Enfin, les rivières dans les aires protégées peuvent encore être vulnérables aux impacts négatifs des barrages. Des barrages ont été construits dans des zones protégées, et plusieurs pays, dont le Brésil, ont fréquemment modifié les limites des zones protégées pour faciliter la construction de barrages (ainsi, le nouveau barrage n’est pas techniquement dans un parc national, mais est situé là où un parc a été.). En outre, il a été proposé de construire plus de 500 barrages dans des zones protégées à travers le monde (14% de tous les projets hydroélectriques proposés connus dans le monde).

Il est clair que la construction d’un barrage sur une rivière à l’intérieur d’un parc modifierait les valeurs de la rivière destinée à être protégée. Mais ces valeurs fluviales – en particulier celles des rivières à écoulement libre – peuvent également être dégradées par les barrages construits dehors des limites des aires protégées. En effet, les valeurs d’une rivière à écoulement libre en englobent plusieurs qui nécessitent une connectivité – à la fois aux affluents en amont et aux habitats en aval. Par exemple, une valeur clé d’une rivière à écoulement libre dans une zone protégée peut être la présence de poissons, comme le saumon, qui migrent en amont de l’océan; un barrage, même à cent kilomètres en aval du parc, compromettrait cette valeur. La rivière serait toujours dans les limites d’un parc, mais ce ne serait plus une rivière à écoulement libre.

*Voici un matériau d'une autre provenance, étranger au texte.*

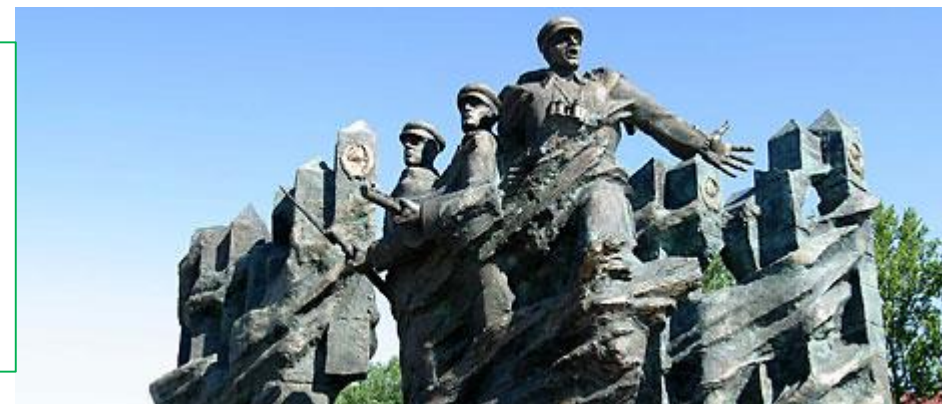
Мемориальный ансамбль в честь воинов Белорусского пограничного округа в Гродно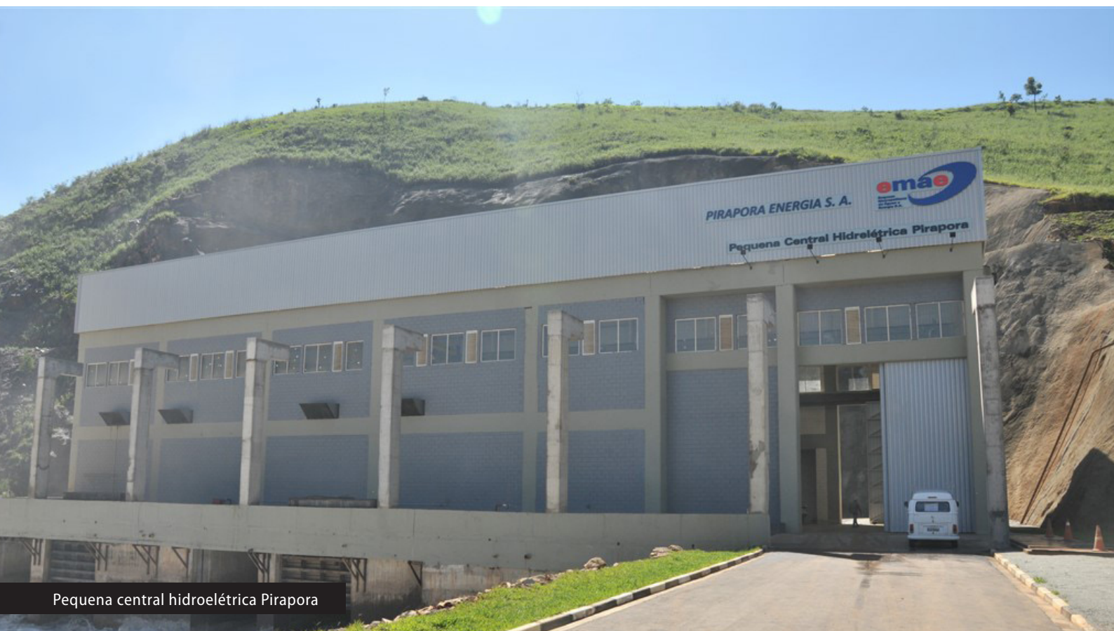
Pequena central hidroelétrica Pirapora

Le Népal offre un exemple clair de ce risque pour les rivières dans les zones protégées. Près d’un quart de tous les barrages proposés au Népal sont prévus dans les limites des aires protégées (67 des 285 barrages proposés). Si ces barrages étaient construits, l’étendue des kilomètres de rivière à écoulement libre dans les zones protégées du Népal diminuerait de 40%, affectant 65 rivières. Parmi ces rivières, 41 perdraient leur statut d’écoulement libre en raison d’un nouveau barrage hydroélectrique construit à l’intérieur de l’aire protégée, tandis que 24 rivières perdraient leur statut d’écoulement libre en raison d’un barrage construit en dehors des limites de l’aire protégée, soit vers le haut. ou en aval.

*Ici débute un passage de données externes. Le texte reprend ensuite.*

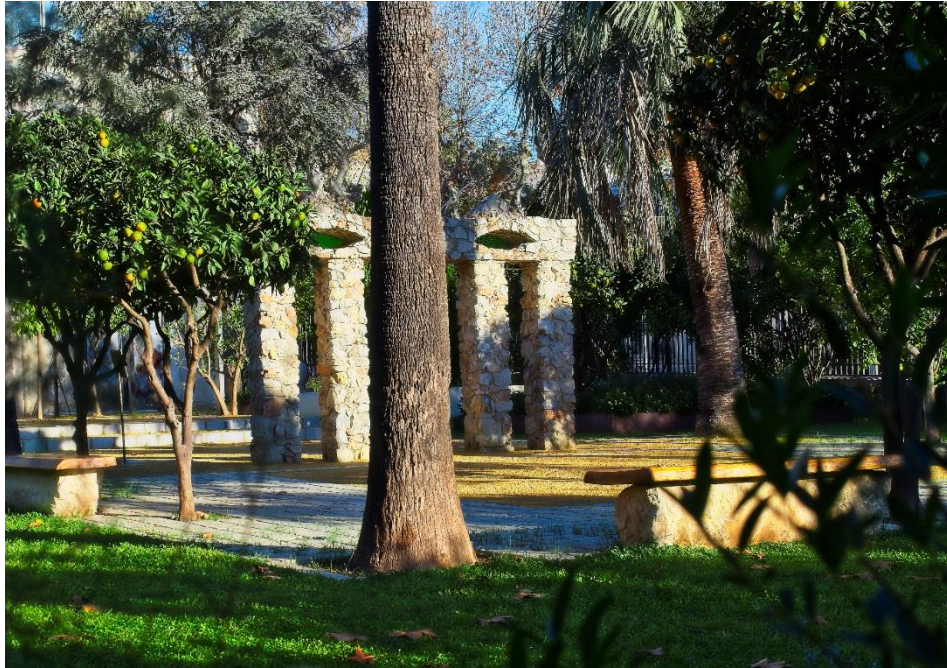
Bientôt une meilleure vue ...

Améliorer les protections des rivières

Alors que l’étendue des rivières dans les aires protégées correspond approximativement à l’objectif d’Aichi de 17%, il reste clairement du travail à faire. L’Objectif d’Aichi pertinent (Objectif 11) stipule que la protection doit être mise en œuvre par le biais de «systèmes écologiquement représentatifs et bien connectés». Le fait qu’une si grande partie des bassins fluviaux dans le monde tombe sous le seuil de 17% indique que la protection actuelle n’est pas «écologiquement représentative». La prochaine série d’engagements, décidée plus tard cette année, est également susceptible d’augmenter le niveau de protection cible de 17% à au moins 30%.

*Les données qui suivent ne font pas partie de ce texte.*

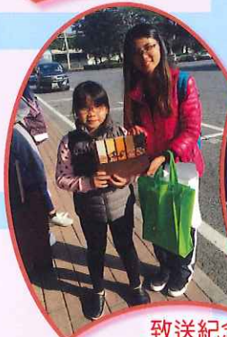
致送紀念品予導遊和領隊

La vulnérabilité continue des rivières dans les zones protégées à la construction de barrages – à la fois dans les zones protégées ou à l’extérieur de leurs limites – suggère également la nécessité de renforcer l’intégrité des zones protégées et d’augmenter la gamme d’outils utilisés pour protéger les rivières, y compris des mesures qui peuvent maintenir la connectivité requise par les rivières à écoulement libre. Un large éventail d’organisations a appelé à l’inclusion explicite des mesures de la connectivité des rivières dans la prochaine série d’engagements au titre de la Convention sur la diversité biologique – ceux-ci peuvent être trouvés dans les recommandations d’ONU Eau, le Plan de rétablissement d’urgence de l’eau douce et une motion adoptée lors le Congrès mondial de la nature.

Améliorer les protections existantes – puis les étendre considérablement – nécessitera clairement une prolifération de mécanismes innovants de protection des rivières. La boîte à outils contiendra toujours des aires protégées traditionnelles, mais devra continuer à se diversifier pour englober une gamme d’autres outils. Les autres articles de ce numéro spécial offrent un échantillon de ce que pourrait contenir cette future boîte à outils, et je les passerai en revue dans mon prochain article.